The slope of the tangent is given by the derivative

#m_t=d/dxe^(2x-2)# when #x=1#

#m_t=e^(2x-2)*d/dx(2x-2)=2e^(2x-2)# and when #x=1# it is

#m_t=2e^2-2=2*e^0=2#.

This is the slope of the tangent line. The normal line is orthogonal to this line.

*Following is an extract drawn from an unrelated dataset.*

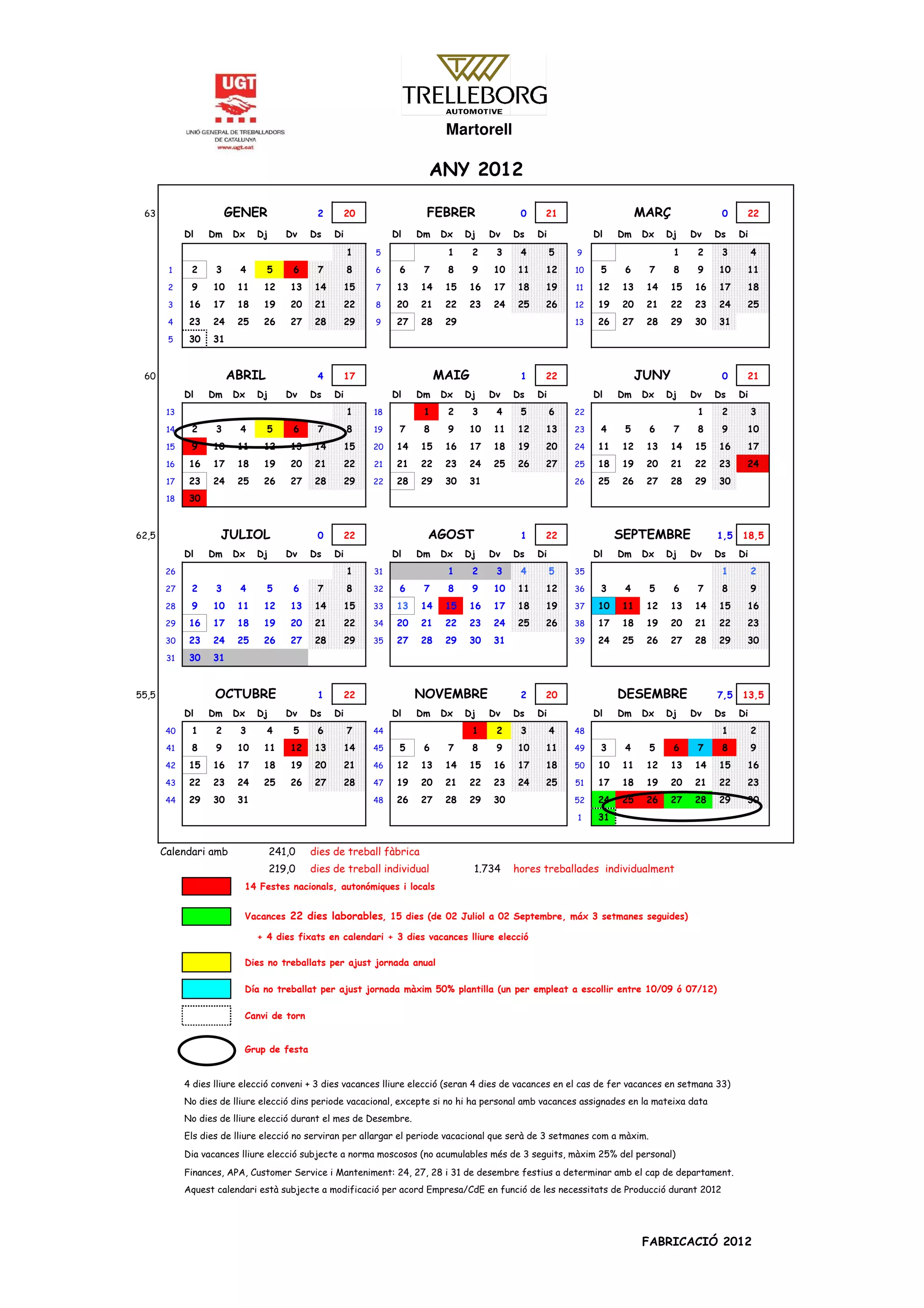 ANY 2012 63 GENER 2 20 FEBRER 0 21 MARÇ 0 22 Dl Dm Dx Dj Dv Ds Di Dl Dm Dx Dj Dv Ds Di Dl Dm Dx Dj Dv Ds Di 1 5 1 2 3 4 5 9 1 2 3 4 1 2 3 4 5 6 7 8 6 6 7 8 9 10 11 12 10 5 6 7 8 9 10 11 2 9 10 11 12 13 14 15 7 13 14 15 16 17 18 19 11 12 13 14 15 16 17 18 3 16 17 18 19 20 21 22 8 20 21 22 23 24 25 26 12 19 20 21 22 23 24 25 4 23 24 25 26 27 28 29 9 27 28 29 13 26 27 28 29 30 31 5 30 31 60 ABRIL 4 17 MAIG 1 22 JUNY 0 21 Dl Dm Dx Dj Dv Ds Di Dl Dm Dx Dj Dv Ds Di Dl Dm Dx Dj Dv Ds Di 13 1 18 1 2 3 4 5 6 22 1 2 3 14 2 3 4 5 6 7 8 19 7 8 9 10 11 12 13 23 4 5 6 7 8 9 10 15 9 10 11 12 13 14 15 20 14 15 16 17 18 19 20 24 11 12 13 14 15 16 17 16 16 17 18 19 20 21 22 21 21 22 23 24 25 26 27 25 18 19 20 21 22 23 24 17 23 24 25 26 27 28 29 22 28 29 30 31 26 25 26 27 28 29 30 18 30 62,5 JULIOL 0 22 AGOST 1 22 SEPTEMBRE 1,5 18,5 Dl Dm Dx Dj Dv Ds Di Dl Dm Dx Dj Dv Ds Di Dl Dm Dx Dj Dv Ds Di 26 1 31 1 2 3 4 5 35 1 2 27 2 3 4 5 6 7 8 32 6 7 8 9 10 11 12 36 3 4 5 6 7 8 9 28 9 10 11 12 13 14 15 33 13 14 15 16 17 18 19 37 10 11 12 13 14 15 16 29 16 17 18 19 20 21 22 34 20 21 22 23 24 25 26 38 17 18 19 20 21 22 23 30 23 24 25 26 27 28 29 35 27 28 29 30 31 39 24 25 26 27 28 29 30 31 30 31 55,5 OCTUBRE 1 22 NOVEMBRE 2 20 DESEMBRE 7,5 13,5 Dl Dm Dx Dj Dv Ds Di Dl Dm Dx Dj Dv Ds Di Dl Dm Dx Dj Dv Ds Di 40 1 2 3 4 5 6 7 44 1 2 3 4 48 1 2 41 8 9 10 11 12 13 14 45 5 6 7 8 9 10 11 49 3 4 5 6 7 8 9 42 15 16 17 18 19 20 21 46 12 13 14 15 16 17 18 50 10 11 12 13 14 15 16 43 22 23 24 25 26 27 28 47 19 20 21 22 23 24 25 51 17 18 19 20 21 22 23 44 29 30 31 48 26 27 28 29 30 52 24 25 26 27 28 29 30 1 31 Calendari amb 241,0 dies de treball fàbrica 219,0 dies de treball individual 1.734 hores treballades individualment 14 Festes nacionals, autonómiques i locals Vacances 22 dies laborables, 15 dies (de 02 Juliol a 02 Septembre, máx 3 setmanes seguides) + 4 dies fixats en calendari + 3 dies vacances lliure elecció Dies no treballats per ajust jornada anual Día no treballat per ajust jornada màxim 50% plantilla (un per empleat a escollir entre 10/09 ó 07/12) Canvi de torn Grup de festa 4 dies lliure elecció conveni + 3 dies vacances lliure elecció (seran 4 dies de vacances en el cas de fer vacances en setmana 33) No dies de lliure elecció dins periode vacacional, excepte si no hi ha personal amb vacances assignades en la mateixa data No dies de lliure elecció durant el mes de Desembre. Els dies de lliure elecció no serviran per allargar el periode vacacional que serà de 3 setmanes com a màxim. Dia vacances lliure elecció subjecte a norma moscosos (no acumulables més de 3 seguits, màxim 25% del personal) Finances, APA, Customer Service i Manteniment: 24, 27, 28 i 31 de desembre festius a determinar amb el cap de departament. Aquest calendari està subjecte a modificació per acord Empresa/CdE en funció de les necessitats de Producció durant 2012 FABRICACIÓ 2012

The slope of the orthogonal line is #m_n=-1/m_t=-1/2#.
Then the normal has slope #-1/2#.
The equation of the line is

#y=-1/2x+q# and we have to find #q#. To do this we impose the passage from the point #x=1# and we have to evaluate the #y# calculating #y=e^(2x-2)=e^(2*1-2)=e^0=1#. Then the line passes for the point #(1,1)#.

I substitute this in the equation of the normal line

#y=-1/2x+q#

#1=-1/2*1+q#

#q=1+1/2=3/2#

Then the equation of the normal is

#y=-1/2x+3/2#.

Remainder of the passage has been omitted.